▶ **THE INPUT**:
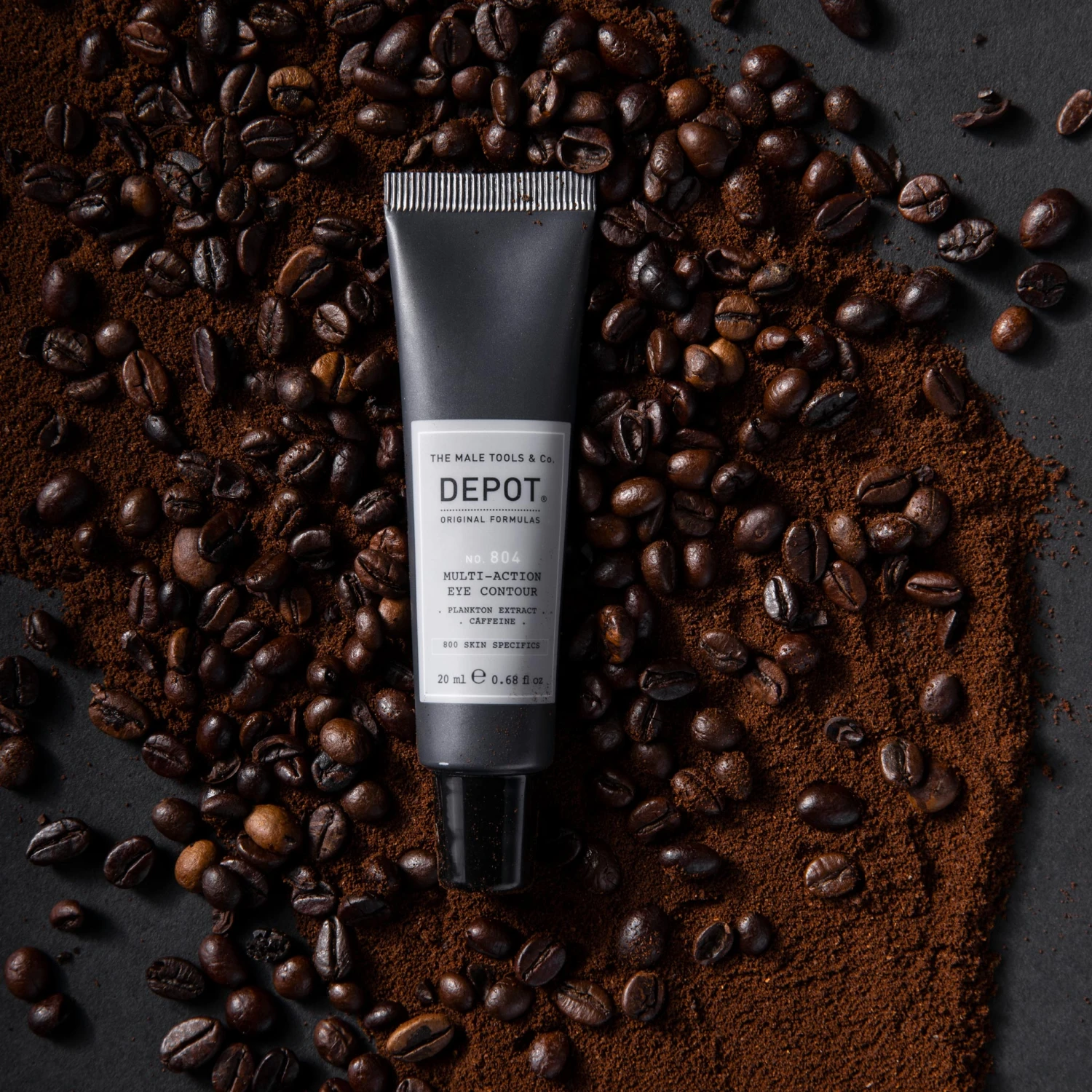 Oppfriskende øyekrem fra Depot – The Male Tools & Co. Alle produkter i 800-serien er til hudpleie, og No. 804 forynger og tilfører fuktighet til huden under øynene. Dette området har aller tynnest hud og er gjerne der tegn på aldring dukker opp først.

==

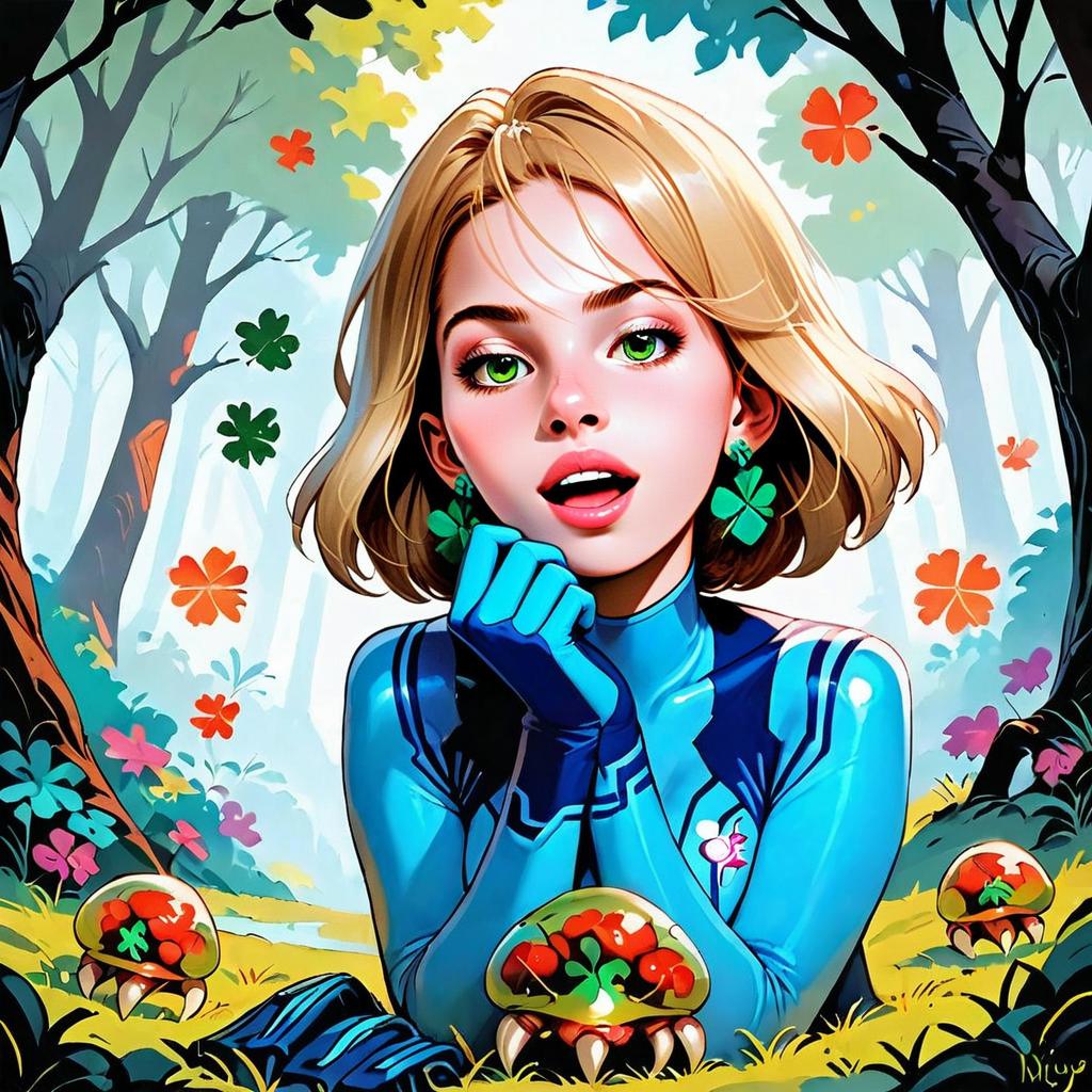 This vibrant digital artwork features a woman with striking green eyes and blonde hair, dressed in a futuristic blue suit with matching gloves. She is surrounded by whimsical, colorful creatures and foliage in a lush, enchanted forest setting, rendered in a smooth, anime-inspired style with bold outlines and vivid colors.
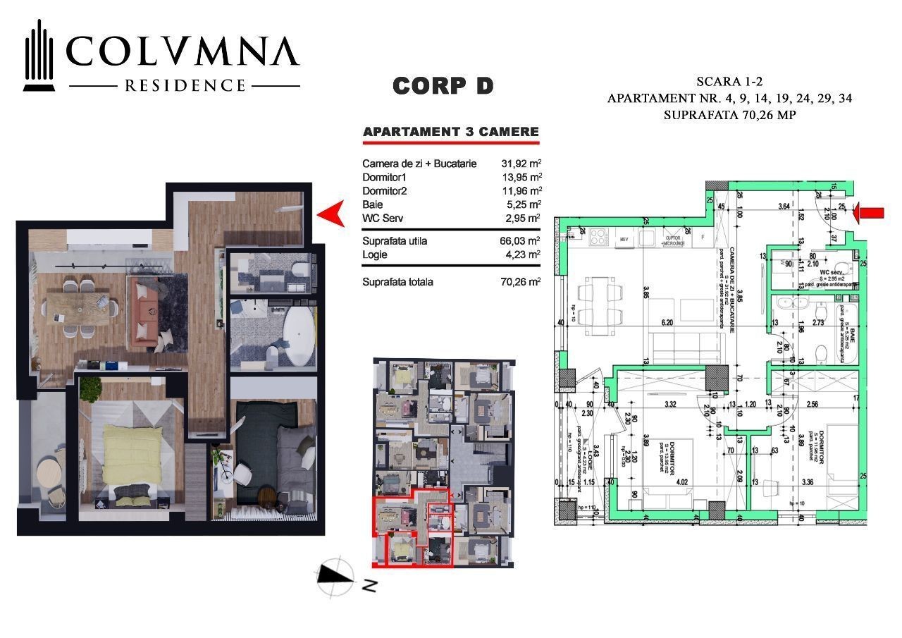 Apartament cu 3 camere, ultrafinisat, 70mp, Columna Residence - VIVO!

* * *

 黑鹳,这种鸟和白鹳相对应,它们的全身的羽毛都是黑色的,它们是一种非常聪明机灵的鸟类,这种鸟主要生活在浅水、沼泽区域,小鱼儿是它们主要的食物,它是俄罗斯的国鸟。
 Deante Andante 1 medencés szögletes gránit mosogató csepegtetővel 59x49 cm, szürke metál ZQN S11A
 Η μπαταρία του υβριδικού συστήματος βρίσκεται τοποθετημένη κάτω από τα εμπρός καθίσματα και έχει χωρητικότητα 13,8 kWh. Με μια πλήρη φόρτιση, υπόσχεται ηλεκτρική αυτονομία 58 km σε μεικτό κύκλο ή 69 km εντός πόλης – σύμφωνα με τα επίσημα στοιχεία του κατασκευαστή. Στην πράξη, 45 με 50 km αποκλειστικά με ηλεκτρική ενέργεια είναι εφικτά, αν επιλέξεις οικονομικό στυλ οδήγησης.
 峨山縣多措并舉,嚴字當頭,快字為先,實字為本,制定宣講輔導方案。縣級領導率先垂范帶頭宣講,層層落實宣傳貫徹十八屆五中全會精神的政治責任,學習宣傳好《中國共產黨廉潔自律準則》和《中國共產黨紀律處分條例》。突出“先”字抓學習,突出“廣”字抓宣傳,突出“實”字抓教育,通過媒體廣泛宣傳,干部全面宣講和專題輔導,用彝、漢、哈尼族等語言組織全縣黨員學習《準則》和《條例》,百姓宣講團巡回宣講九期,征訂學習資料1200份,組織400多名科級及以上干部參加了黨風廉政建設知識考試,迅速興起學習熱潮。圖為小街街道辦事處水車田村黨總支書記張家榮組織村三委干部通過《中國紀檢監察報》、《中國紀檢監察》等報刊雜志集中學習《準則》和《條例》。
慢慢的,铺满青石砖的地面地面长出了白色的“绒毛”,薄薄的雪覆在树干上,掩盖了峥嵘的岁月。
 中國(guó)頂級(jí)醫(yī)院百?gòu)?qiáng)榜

▶ **ABOUT THIS EXERCISE**:
The stretch above running from the line with "This vibrant digital" through the line with "Apartament cu 3" is all you should copy, exactly, leaving out the pictures.

▶ **REPLY**:
 This vibrant digital artwork features a woman with striking green eyes and blonde hair, dressed in a futuristic blue suit with matching gloves. She is surrounded by whimsical, colorful creatures and foliage in a lush, enchanted forest setting, rendered in a smooth, anime-inspired style with bold outlines and vivid colors.
 Apartament cu 3 camere, ultrafinisat, 70mp, Columna Residence - VIVO!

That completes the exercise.